Apparently the U.S. Army finally came to its senses. The project of erecting a horrendously eyeball-maiming statue of a 10-foot fairy riding on a giant gurgling toad at a bus depot at a military facility has been scrapped. Thankfully. Not only is this a piece of “art” that likely would likely induce screaming nightmares in small children, but the $600,000 pricetag should have told the Army it was a very bad idea in the first place.
As announced yesterday by U.S. New and World Reports,
The Army, under public and congressional attack for a $600,000 plan to dress up a bus depot at a new military facility near Washington with three pieces of art, such as a 10 foot-tall fairy riding a gurgling toad, has scrapped the project.

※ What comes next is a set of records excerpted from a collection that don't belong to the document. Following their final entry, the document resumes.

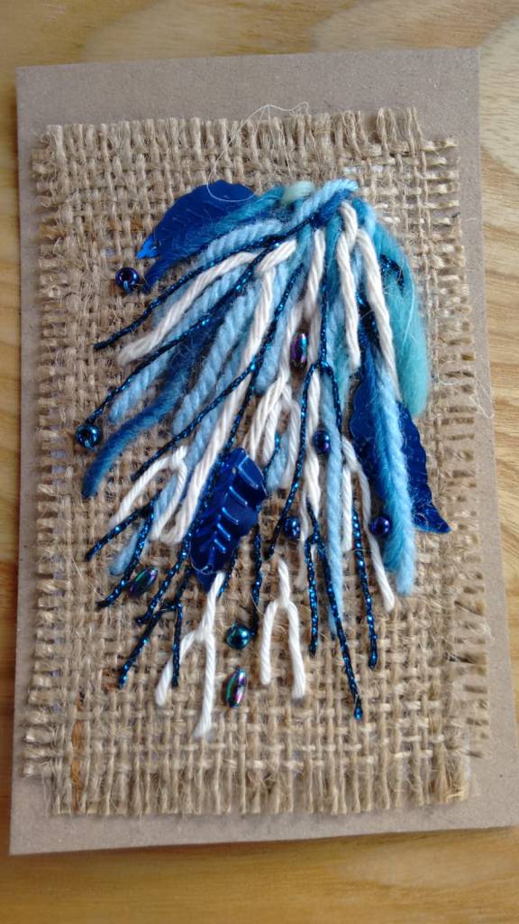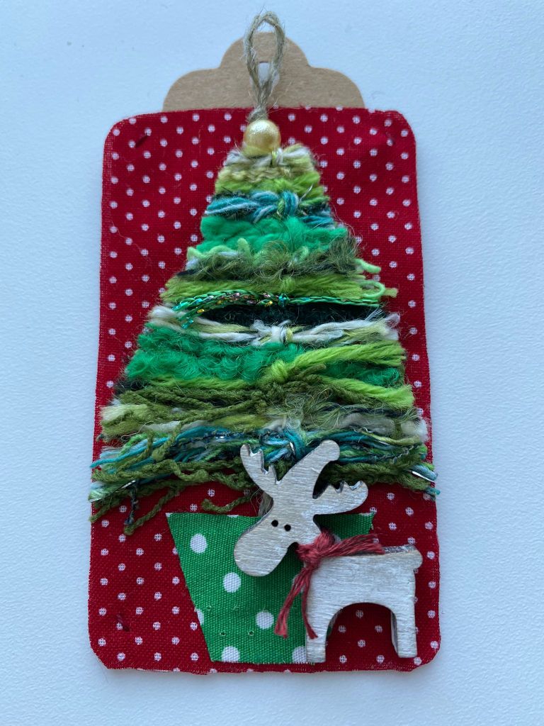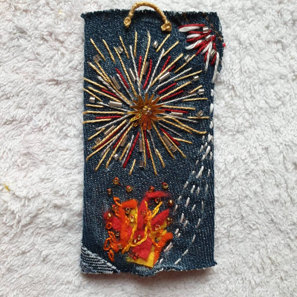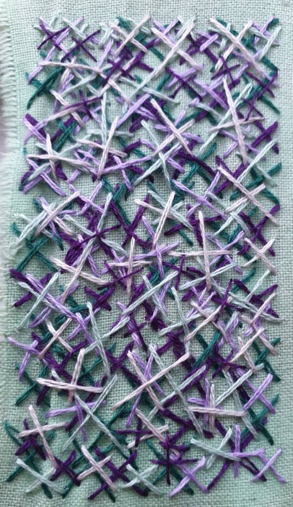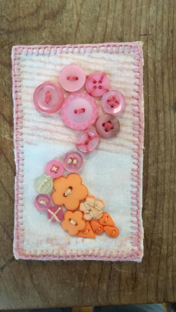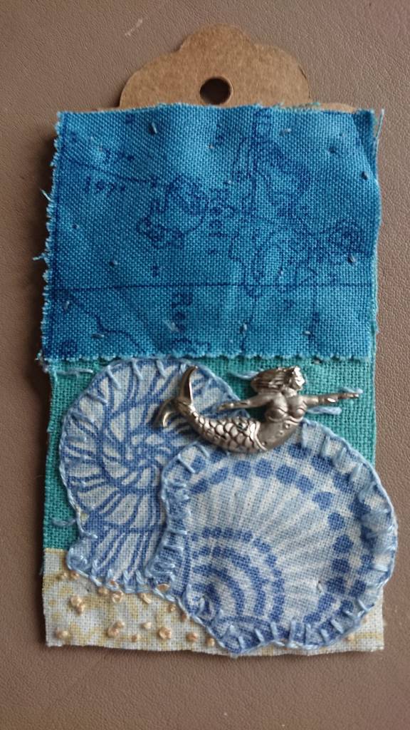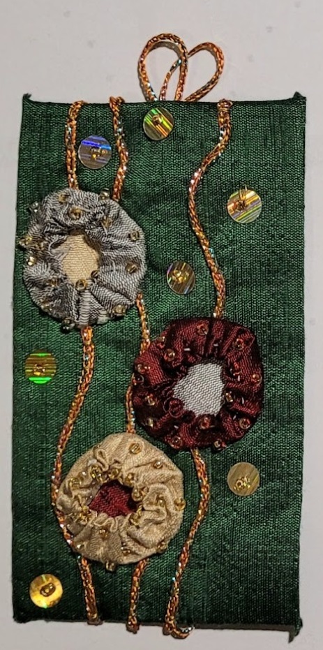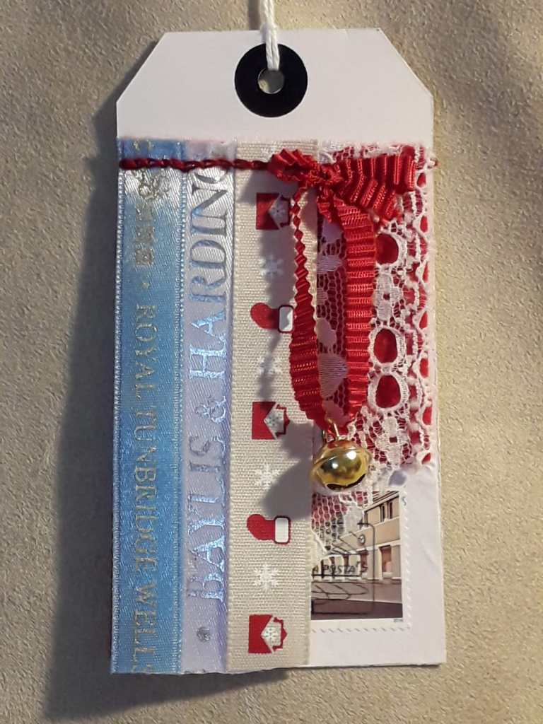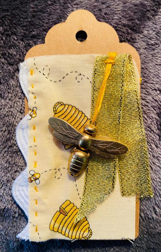 Our 2021 project was based on a challenge set by textile artist Anne Brooke, Sue V coordinated the project for our group. We created a series of mini stitched pieces, one a week for 52 weeks, each with a theme given by Anne Brooke which we attached to a luggage label or similar with the date and a memory of that week written on the reverse of the label.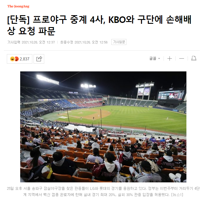 낮경기 더블헤더 늘어서 광고수익 시청률 박살났음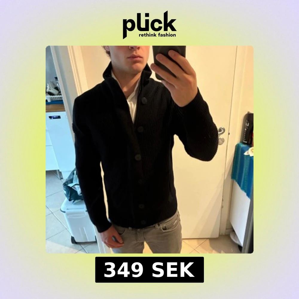 Snygg svart ribbad kofta från Marina Yachting med hög krage och stora knappar framtill. Tröjan är stickad i ull och har långärmad passform. Perfekt för dig som gillar stilrena och klassiska plagg med lite edge. Bra skick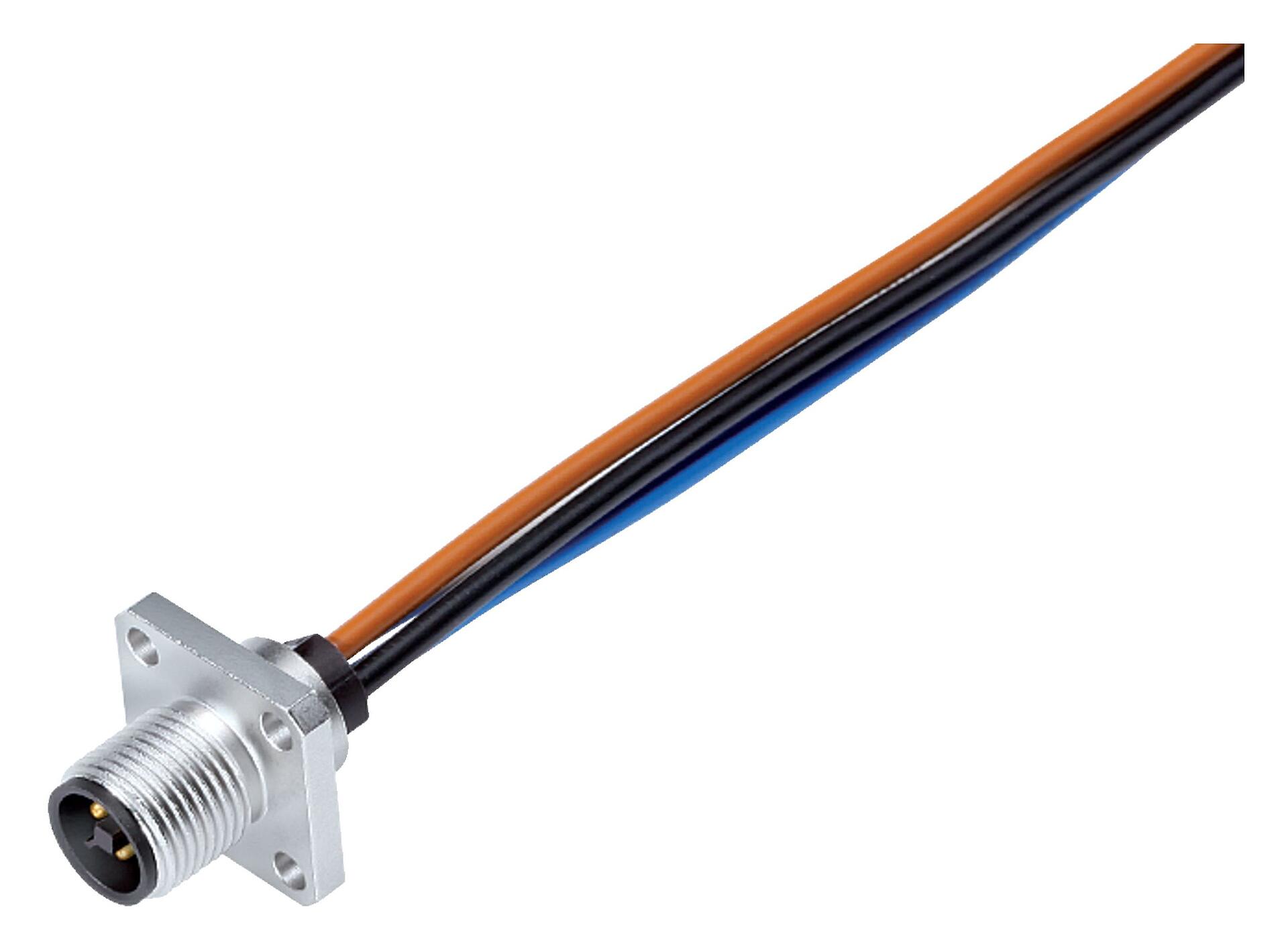 M12 Conector de montaje en panel macho cuadrado, Número de contactos: 4, sin blindaje, hilos, IP40, UL 2238, M3 (4x), Montaje frontal, moldeado

Instead, it will go with a simple plan to “enhance the aesthetics” of a concrete wall at the new Mark Center in Alexandria, Va.

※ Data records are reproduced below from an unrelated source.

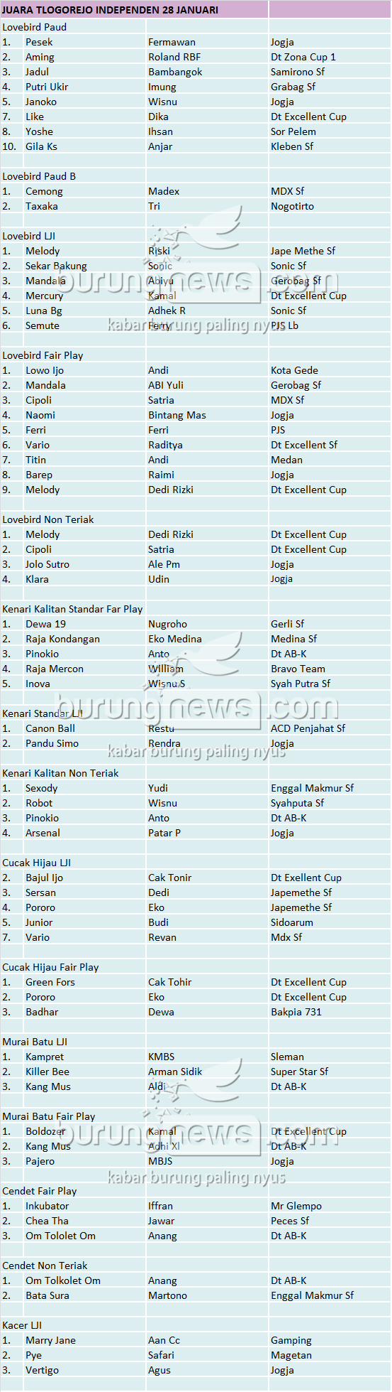 Judul : JUARA TLOGOREJO INDEPENDEN, 28 JANUARI 2017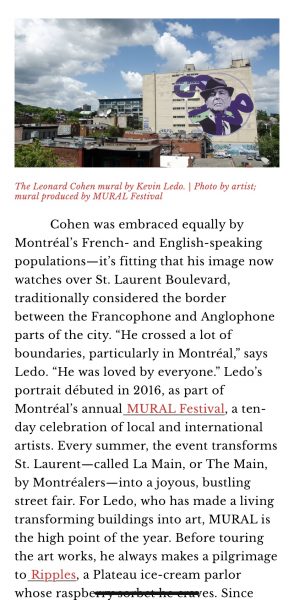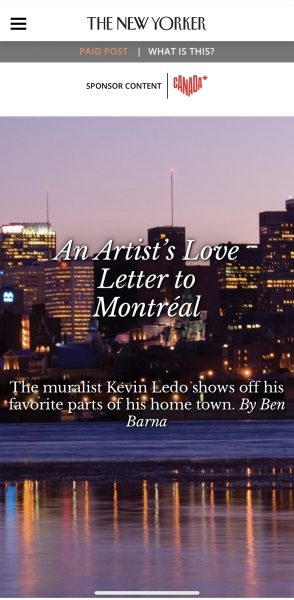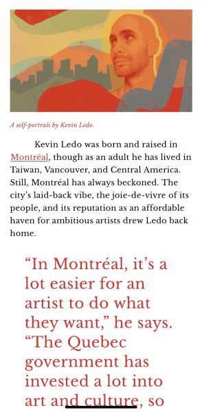 An illustration and article about Ledo’s favourite spots in Montreal featured in The New Yorker, commissioned by Tourism Canada.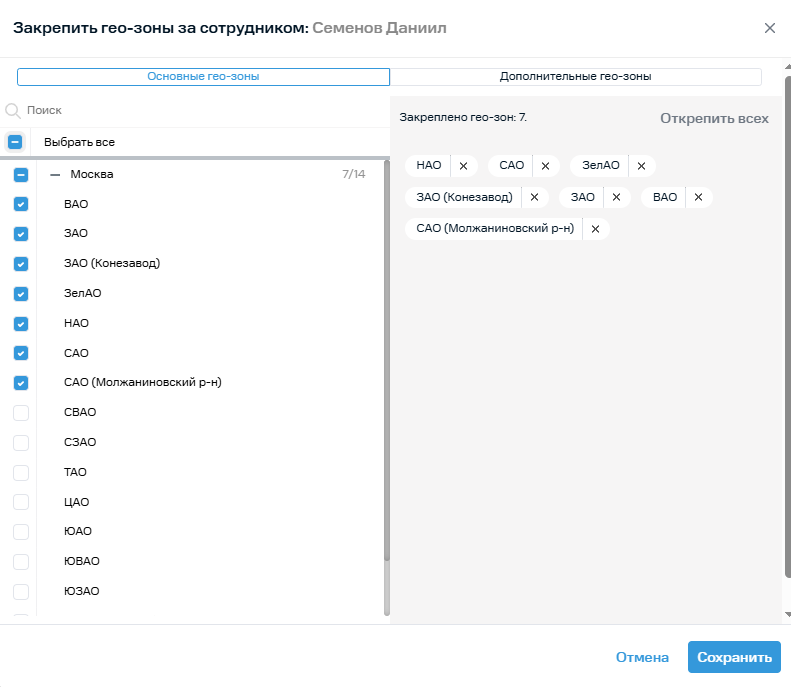 Одна гео-зона может быть закреплена за сотрудником либо как основная, либо как дополнительная.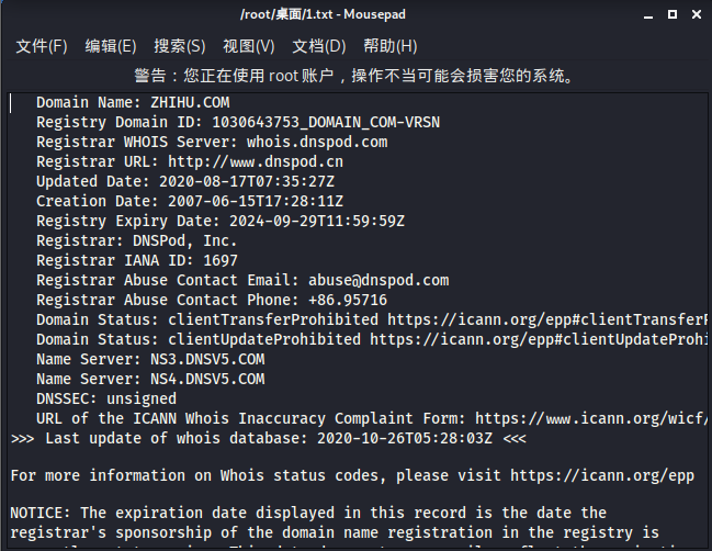 (1) whois 要查询的域名 kali 的 msfconsole或kali机器上,用于查询具体的注册信息

Amazingly enough, the artist, Cheryl Foster, described her piece and its inspiration thusly:
“A 10-foot fairy, using an American Toad as ‘transportation,’ scurries to the entrance of the station. The interior of the toad is illuminated and the sounds of nature emanate from his throat.”
She claims to be inspired by nature–you know, giant fairies and illuminated toads, all that really natural stuff.
Honestly, only in the DC area (or perhaps Manhattan or San Francisco) would people think that this was an attractive way to decorate a bus station, and would believe that the pricetag was reasonable. On the other hand, limousine liberals don’t generally frequent bus stations, so why would they care anyway?
I’d pay good money not to have to see it.